Study material:
────
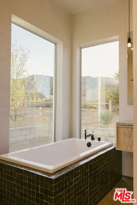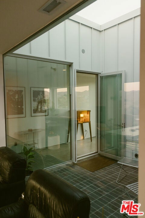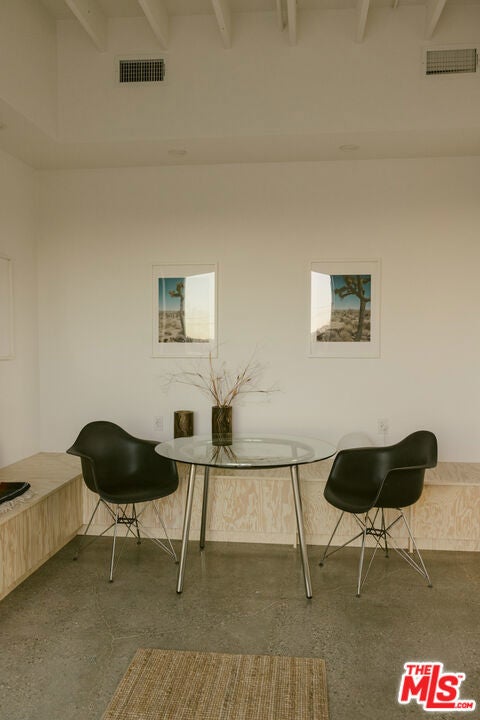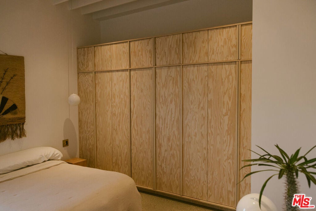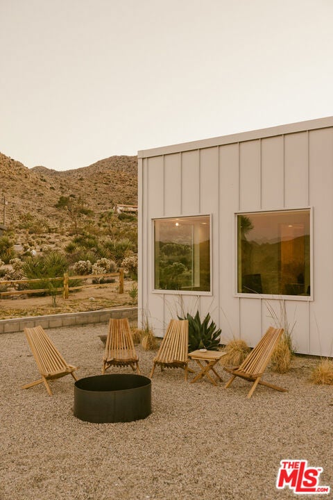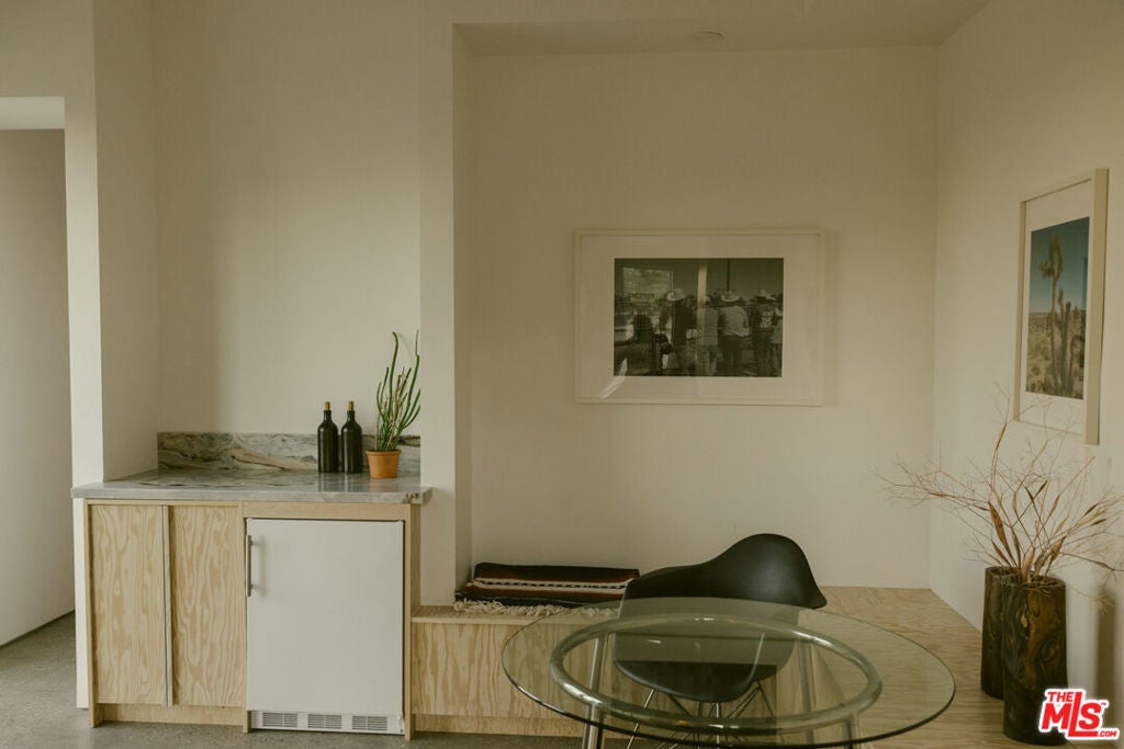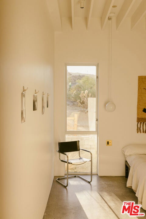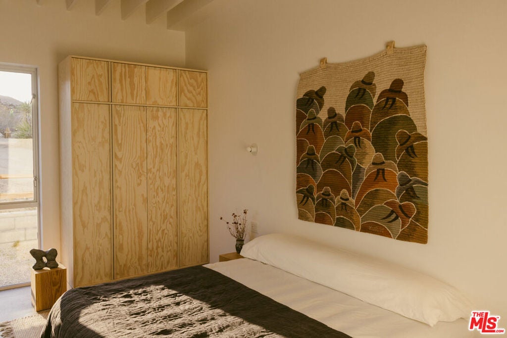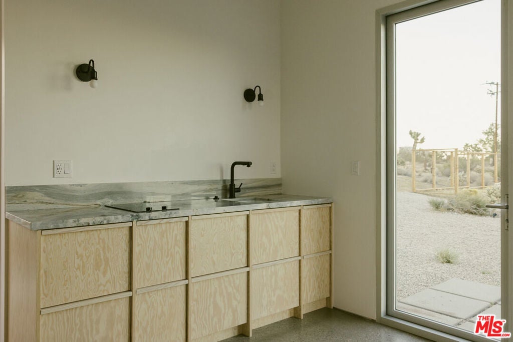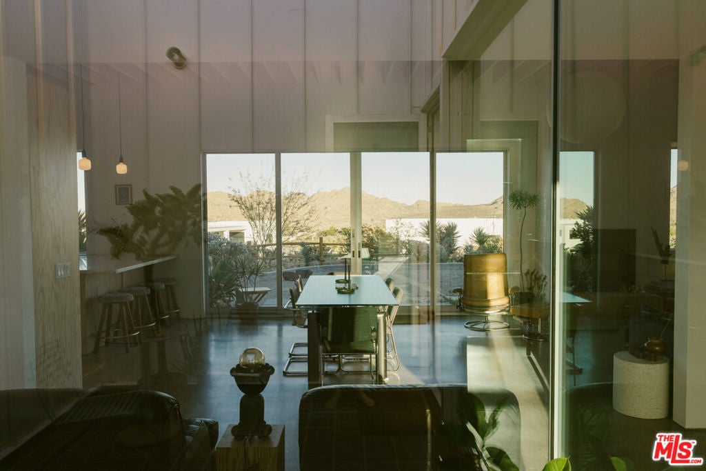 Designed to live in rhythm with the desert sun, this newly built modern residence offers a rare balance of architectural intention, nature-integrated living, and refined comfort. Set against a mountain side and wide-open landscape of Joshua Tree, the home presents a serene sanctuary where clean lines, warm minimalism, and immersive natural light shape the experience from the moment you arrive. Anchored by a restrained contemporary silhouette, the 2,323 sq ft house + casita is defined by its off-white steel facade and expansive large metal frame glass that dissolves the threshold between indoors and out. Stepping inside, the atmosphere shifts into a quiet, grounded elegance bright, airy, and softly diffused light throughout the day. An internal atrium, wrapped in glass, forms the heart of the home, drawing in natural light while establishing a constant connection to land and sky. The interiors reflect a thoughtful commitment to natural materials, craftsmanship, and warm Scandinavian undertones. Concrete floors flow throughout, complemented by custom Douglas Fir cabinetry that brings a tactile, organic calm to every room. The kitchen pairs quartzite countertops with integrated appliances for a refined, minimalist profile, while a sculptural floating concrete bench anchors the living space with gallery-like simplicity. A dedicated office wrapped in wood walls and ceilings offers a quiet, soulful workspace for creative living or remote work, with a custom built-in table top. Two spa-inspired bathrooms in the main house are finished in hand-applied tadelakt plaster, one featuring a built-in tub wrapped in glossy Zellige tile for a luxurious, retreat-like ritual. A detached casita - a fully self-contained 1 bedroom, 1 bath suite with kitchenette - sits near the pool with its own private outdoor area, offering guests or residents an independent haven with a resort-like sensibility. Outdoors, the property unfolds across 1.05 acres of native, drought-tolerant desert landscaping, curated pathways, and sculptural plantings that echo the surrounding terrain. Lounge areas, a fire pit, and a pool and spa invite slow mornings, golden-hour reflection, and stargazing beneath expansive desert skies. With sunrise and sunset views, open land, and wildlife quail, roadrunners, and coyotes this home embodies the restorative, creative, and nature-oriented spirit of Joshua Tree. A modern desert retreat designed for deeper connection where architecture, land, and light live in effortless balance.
────
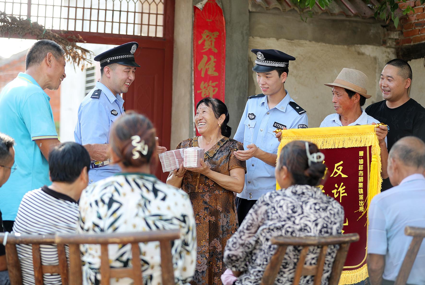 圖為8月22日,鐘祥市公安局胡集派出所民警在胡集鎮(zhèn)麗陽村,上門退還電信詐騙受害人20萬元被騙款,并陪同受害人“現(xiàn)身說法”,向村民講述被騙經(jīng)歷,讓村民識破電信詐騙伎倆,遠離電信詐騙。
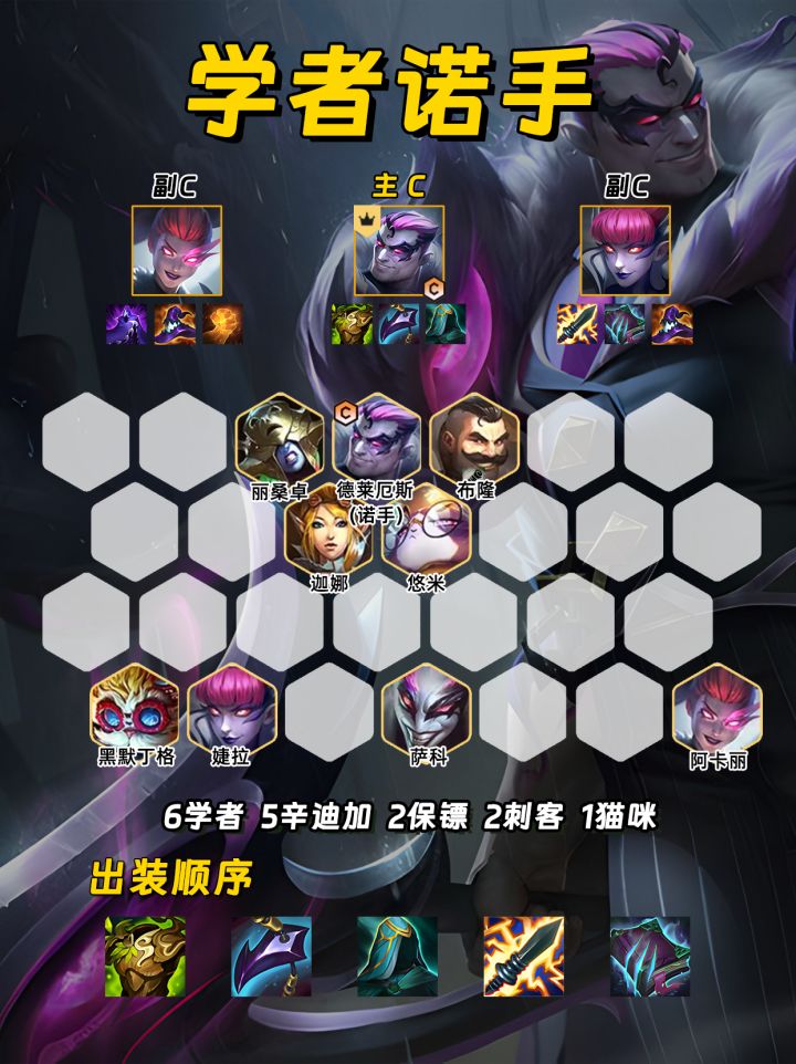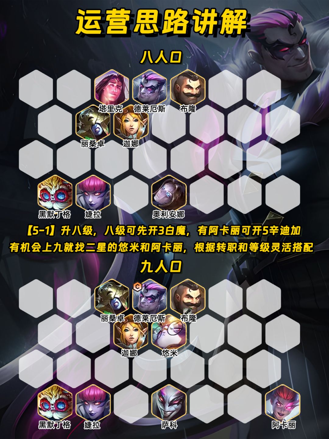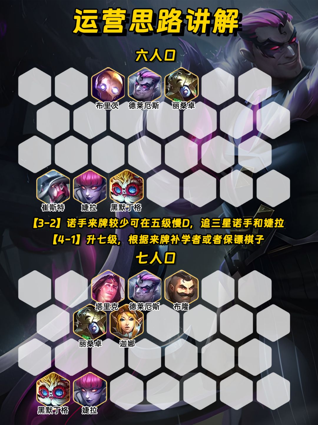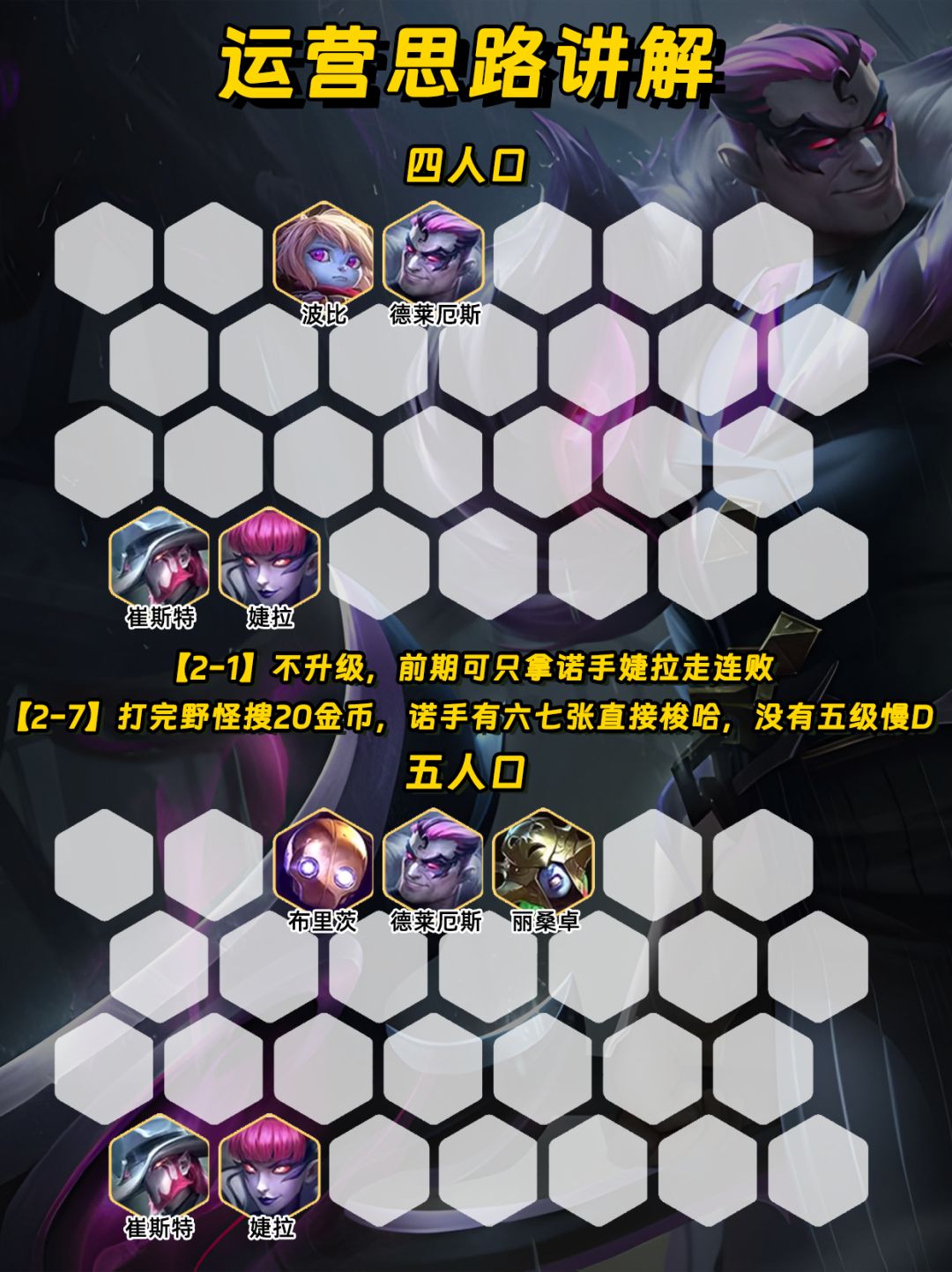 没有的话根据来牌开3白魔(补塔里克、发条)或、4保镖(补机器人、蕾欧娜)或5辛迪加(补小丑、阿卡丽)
────
Task objective:
Keep to the stretch from the line containing "圖為8月22日,鐘祥市公安局" through the line containing "没有的话根据来牌开3白魔(补", both ends included, and copy it exactly from the listing above, minus the pictures.

Your solution:
 圖為8月22日,鐘祥市公安局胡集派出所民警在胡集鎮(zhèn)麗陽村,上門退還電信詐騙受害人20萬元被騙款,并陪同受害人“現(xiàn)身說法”,向村民講述被騙經(jīng)歷,讓村民識破電信詐騙伎倆,遠離電信詐騙。
 没有的话根据来牌开3白魔(补塔里克、发条)或、4保镖(补机器人、蕾欧娜)或5辛迪加(补小丑、阿卡丽)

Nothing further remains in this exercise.